A dual reciprocity BEM approach using new Fourier radial basis functions applied to 2D elastodynamic transient analysis

In this paper, a new boundary element analysis for two-dimensional (2D) transient elastodynamic problems is proposed. The dual reciprocity method (DRM) is reconsidered by employing new radial basis functions (RBFs) to approximate the domain inertia terms. These new RBFs, which are in the form of ζ+κ sin (ωr+α), are called Fourier RBFs hereafter. Using the method of variation of parameters, the particular solution kernels of Fourier RBFs corresponding to displacement and traction, whose a few terms are singular, has been explicitly derived. Therefore, a new simple smoothing trick has been employed to resolve the singularity problem. Moreover, the limiting values of the particular solution kernels have been evaluated. In order to find the unknown parameters of Fourier RBFs, an optimization problem seeking for the optimum value of the Houbolt scheme parameter β that minimizes the mean squared error (MSE) function of the problem is established. Since the MSE function of the proposed RBFs is a function of five unknown parameters (i.e., ζ, κ, ω, α, and β), the genetic algorithm (GA) has been used to solve the necessary optimization problem.
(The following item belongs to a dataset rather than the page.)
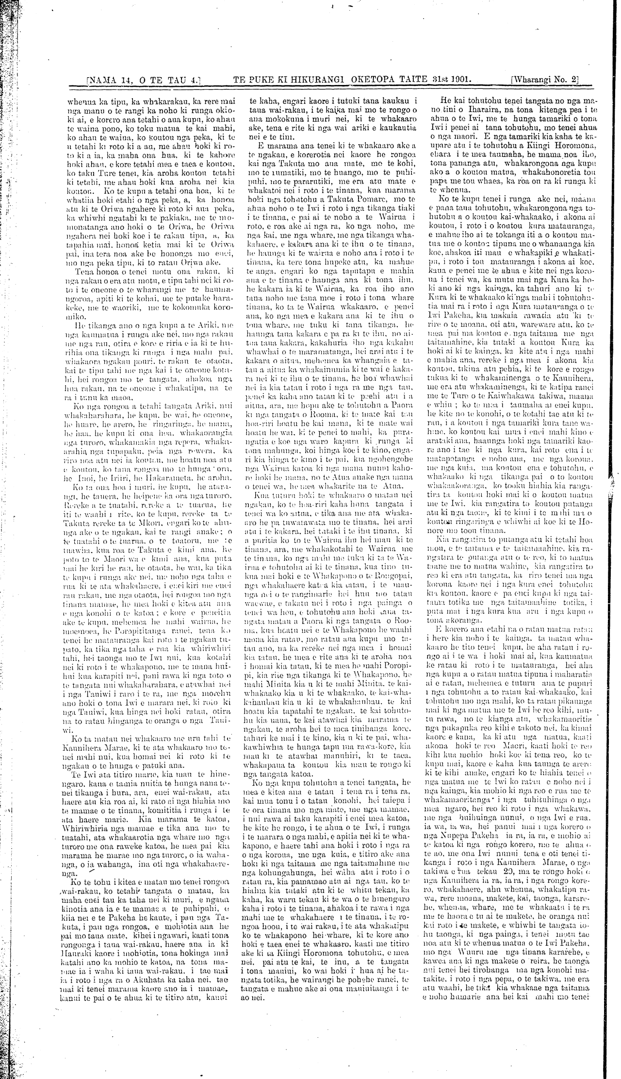 [NAMA I4, O TE TAU 4.]\_\_\_\_\_TE PUKE KI HIKURANGI OKETOPA TAITE 31st 1901.\_\_\_\_\_\_[Wharangi No. 2] Takuta Pomare Iharaira Kiingi Horomona

In order to illustrate the validity, accuracy, and superiority of the present study, several numerical examples are examined and compared to the results of analytical and other RBFs reported in the literature. Compared to other RBFs, Fourier RBFs show more accurate and stable results. Moreover, these results are obtained using less degree of freedom without any additional internal points that are commonly used to improve the accuracy of the results.